* _WHAT YOU SHOULD DO_:
Below are some records; output exactly the lines from the line with "- Spacious open-plan" to the line with "Pequena Flor De", both ends kept, and nothing more.

* _DATA UNDER STUDY_:
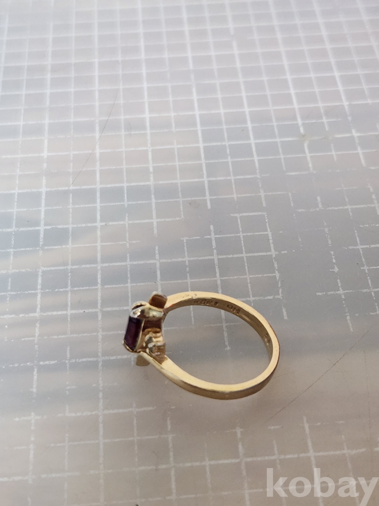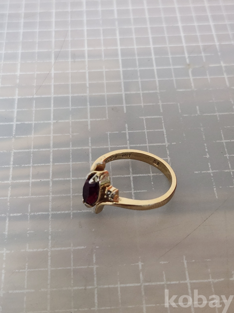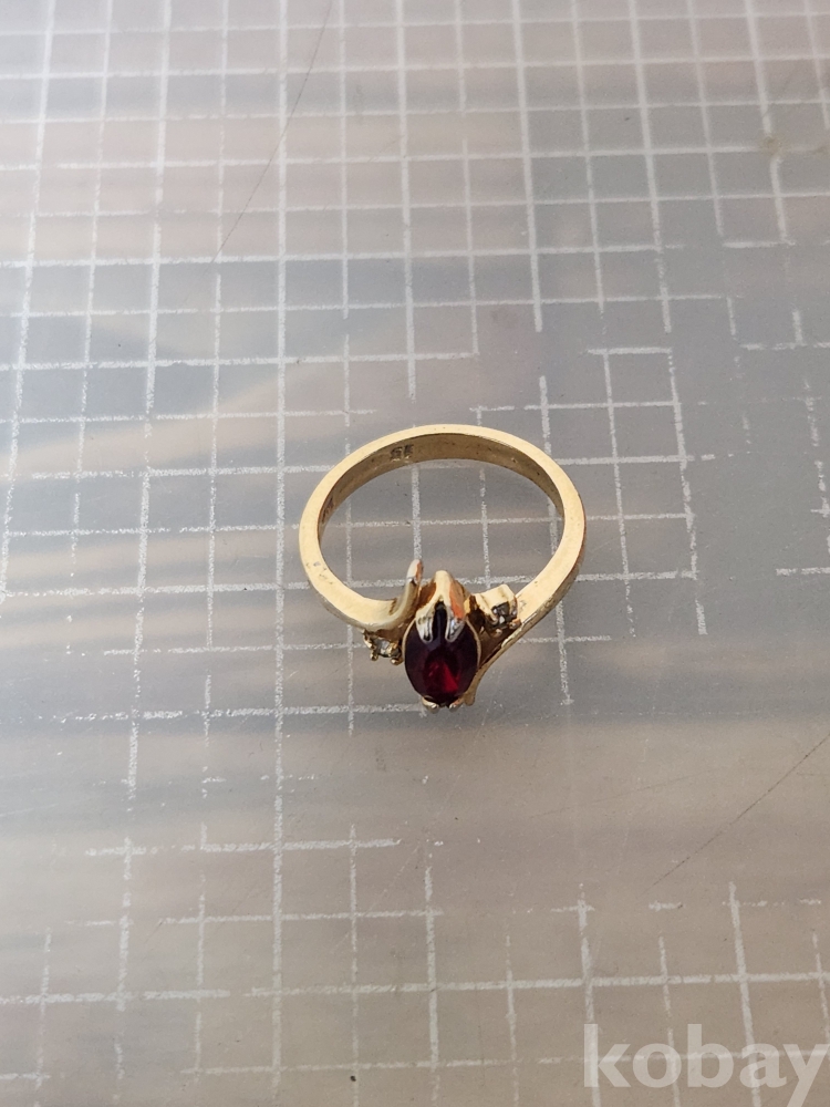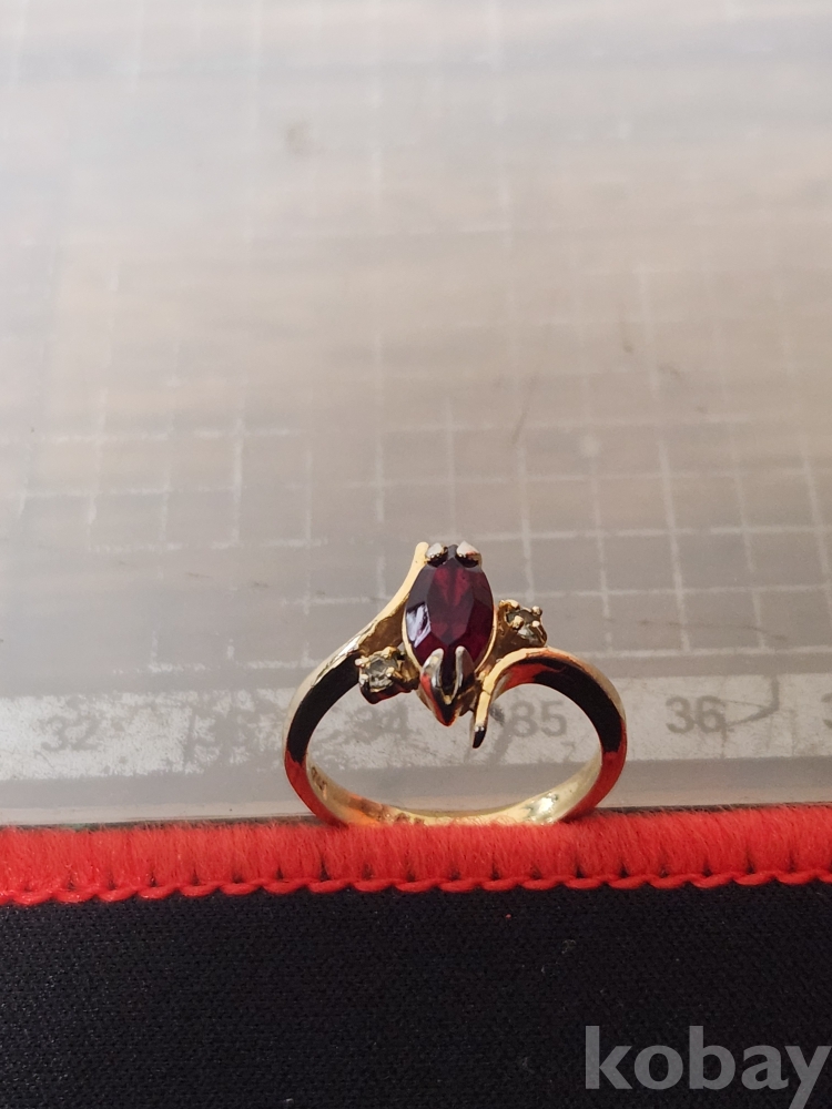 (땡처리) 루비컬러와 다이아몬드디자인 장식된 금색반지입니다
* * *
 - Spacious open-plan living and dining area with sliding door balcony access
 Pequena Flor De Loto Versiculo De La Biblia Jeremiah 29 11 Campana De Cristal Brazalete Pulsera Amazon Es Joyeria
--
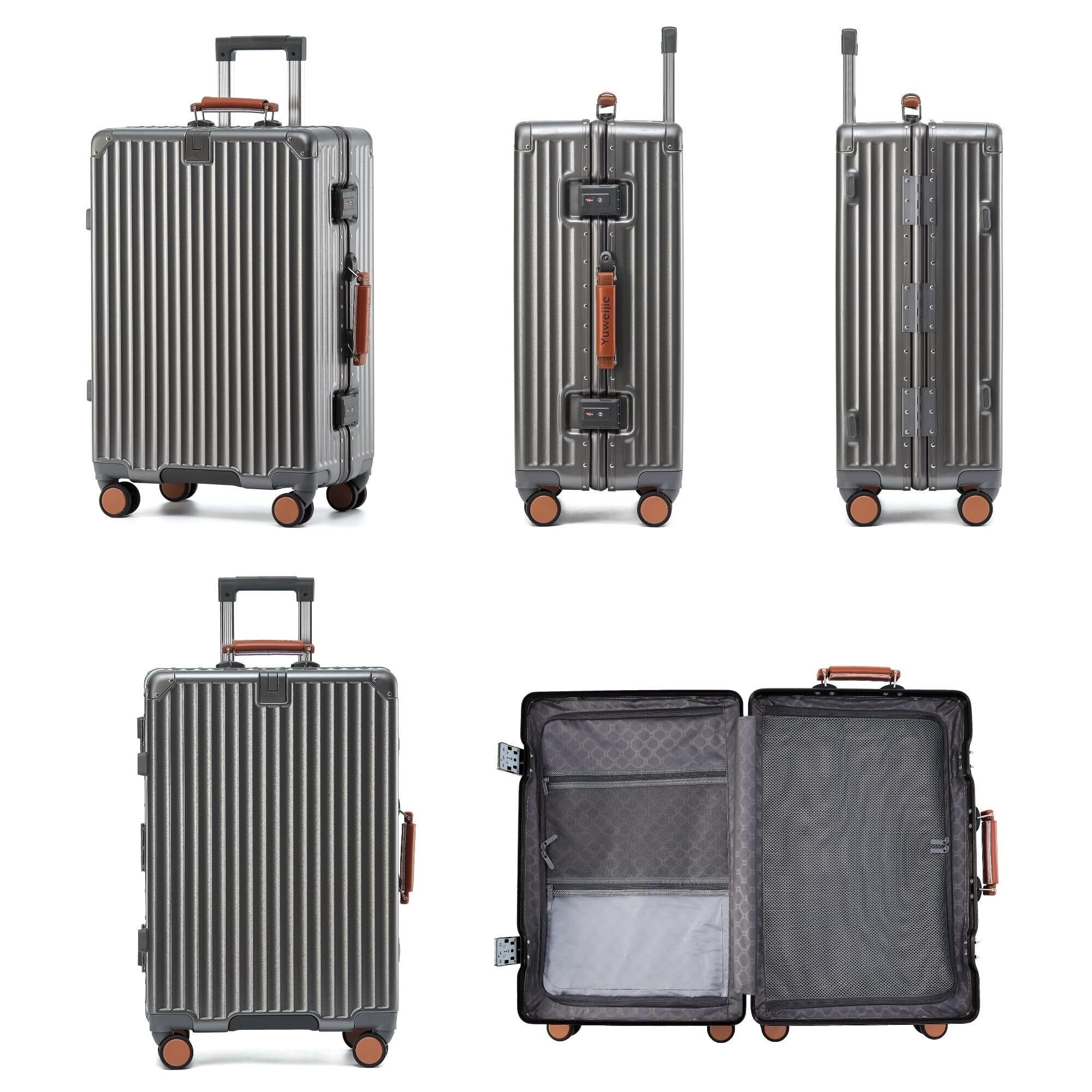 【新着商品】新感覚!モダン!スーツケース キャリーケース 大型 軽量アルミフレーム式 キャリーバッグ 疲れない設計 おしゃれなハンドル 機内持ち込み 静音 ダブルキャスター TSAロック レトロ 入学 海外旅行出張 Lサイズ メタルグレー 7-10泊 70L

* _TASK RESPONSE_:
 - Spacious open-plan living and dining area with sliding door balcony access
 Pequena Flor De Loto Versiculo De La Biblia Jeremiah 29 11 Campana De Cristal Brazalete Pulsera Amazon Es Joyeria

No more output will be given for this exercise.